When you look at how the number of children diagnosed with ADHD has changed as the criteria for the diagnosis have expanded, you can see a definite correlation. In 1970, when the hyperactivity disorders in the DSM-II (hyperkinetic reaction to childhood and minimal brain damage) were distinct, only a tiny fraction of American children were diagnosed with symptoms that resemble what we call ADHD today. In 1987, the number of diagnosed children was about 3 percent. By 2003, it was 7.8 percent, in 2007 it was 9.5 percent, in 2011, the latest year for which data is available, it was 11 percent, and by 2014 it was more than 12 percent.

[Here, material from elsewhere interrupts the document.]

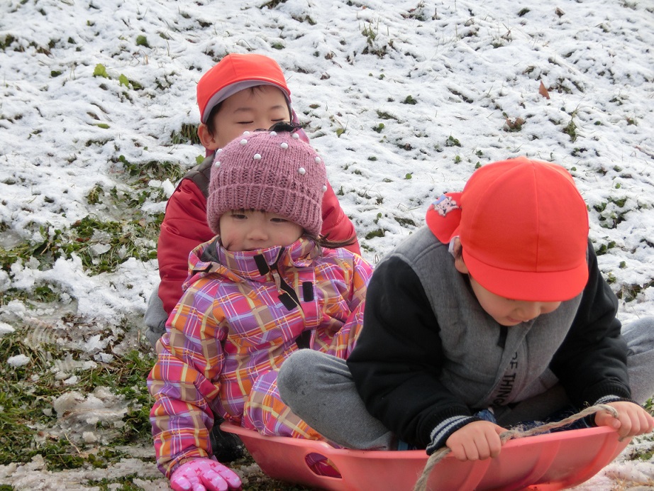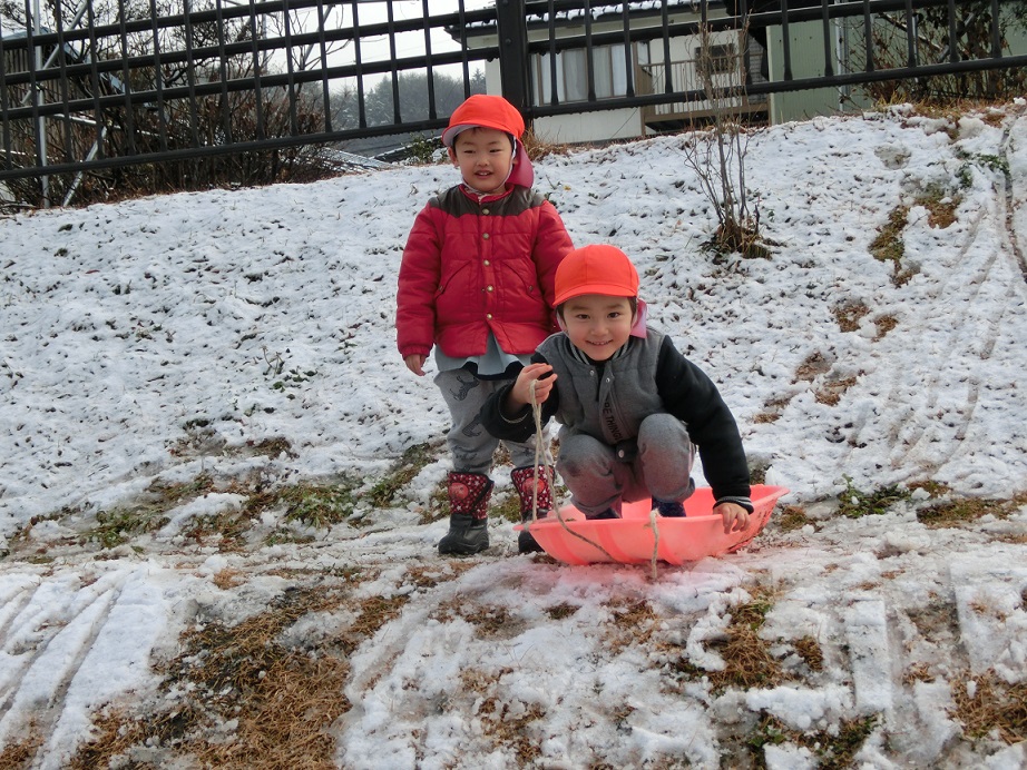 南信はあまり雪は多くはないのですが少しでも雪が降ると子ども達は大喜び!今朝は待望の雪が園庭に!

Meanwhile, many children and teens are medicated to enhance their ability to focus on academics, even if they don’t strictly qualify for a diagnosis. Many parents I’ve worked with have reported that Ritalin and Adderall have helped their children focus. There’s no doubt that stimulant drugs work to improve attentiveness. The catch is that research has shown that stimulants help anyone focus, whether or not they have symptoms of ADHD. Today, 15 to 40 percent of high school students take amphetamines to enhance their focus on tests and boost their grades, and some teenagers and young adults end up in drug rehabilitation programs because they became comfortable with taking amphetamines as children.

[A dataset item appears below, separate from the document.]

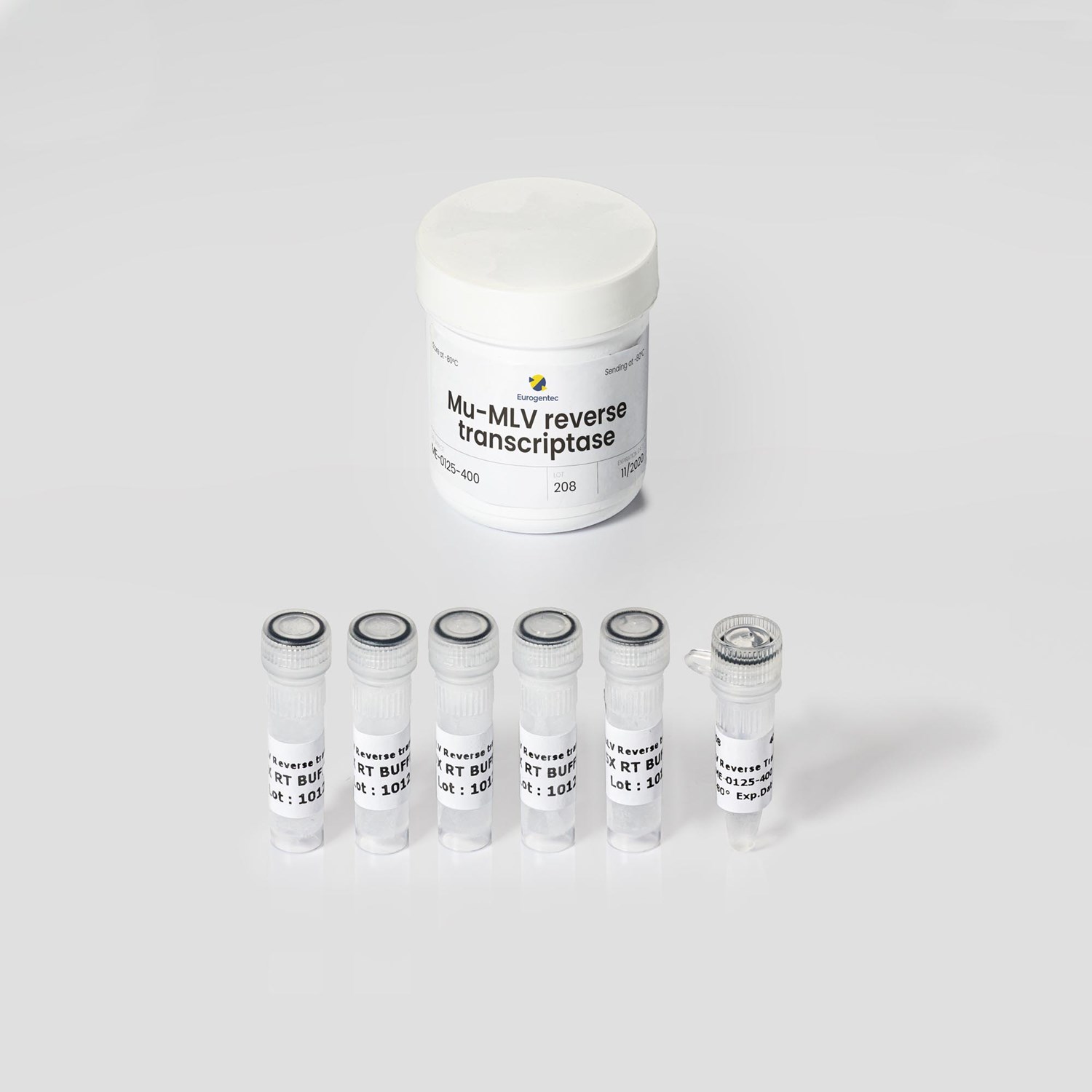 Mu-MLV (Moloney Murine Leukemia Virus) generates complementary DNA strand starting preferably from single-stranded RNA in the presence of a primer, or from RNA-DNA hybrid. Mu-MLV reverse transcriptase has lower RNase H activity than AMV reverse transcriptase, which is an advantage when synthesizing cDNAs from long mRNAs. Mu-MLV lacks the 3’ ’ 5’ exonuclease activity. It is recommended to use 10 U/µg RNA for optimum reverse transcription.

With this in mind, I can’t help but wonder whether we are actually treating a childhood mental illness with these medications or instead are allowing the drugs to transform our very image of childhood.

A Plan to Help Aiden

When Aiden’s parents asked me if I thought Adderall would help their son, I told them it probably would. However, I added that there were other, drug-free ways to get the same results. Scott and Ava decided that even though family therapy might take longer than giving Aiden Adderall, they would give it a try. I helped them come up with a plan for Aiden to get plenty of physical exercise. They enrolled him in tee-ball and began taking family bike rides and hikes on weekends. We explored dietary changes, which sometimes help overactive kids. Ava found that eliminating sugar, gluten, and foods with artificial colors from Aiden’s diet had a noticeable effect in calming him down. While not all kids have a sensitivity to these foods, they can be irritating to some children. (We’ll talk more about how diet can affect a child’s behavior in Chapter 7.) Scott and Ava structured Aiden’s time on school days. After school he would have a healthy snack and a glass of milk. He could play outdoors with the neighborhood kids until five, when it was time to begin his homework. After Aiden finished his homework, he would be allowed to play a video game or watch TV for an hour. At bedtime, Scott and Ava took turns reading to him.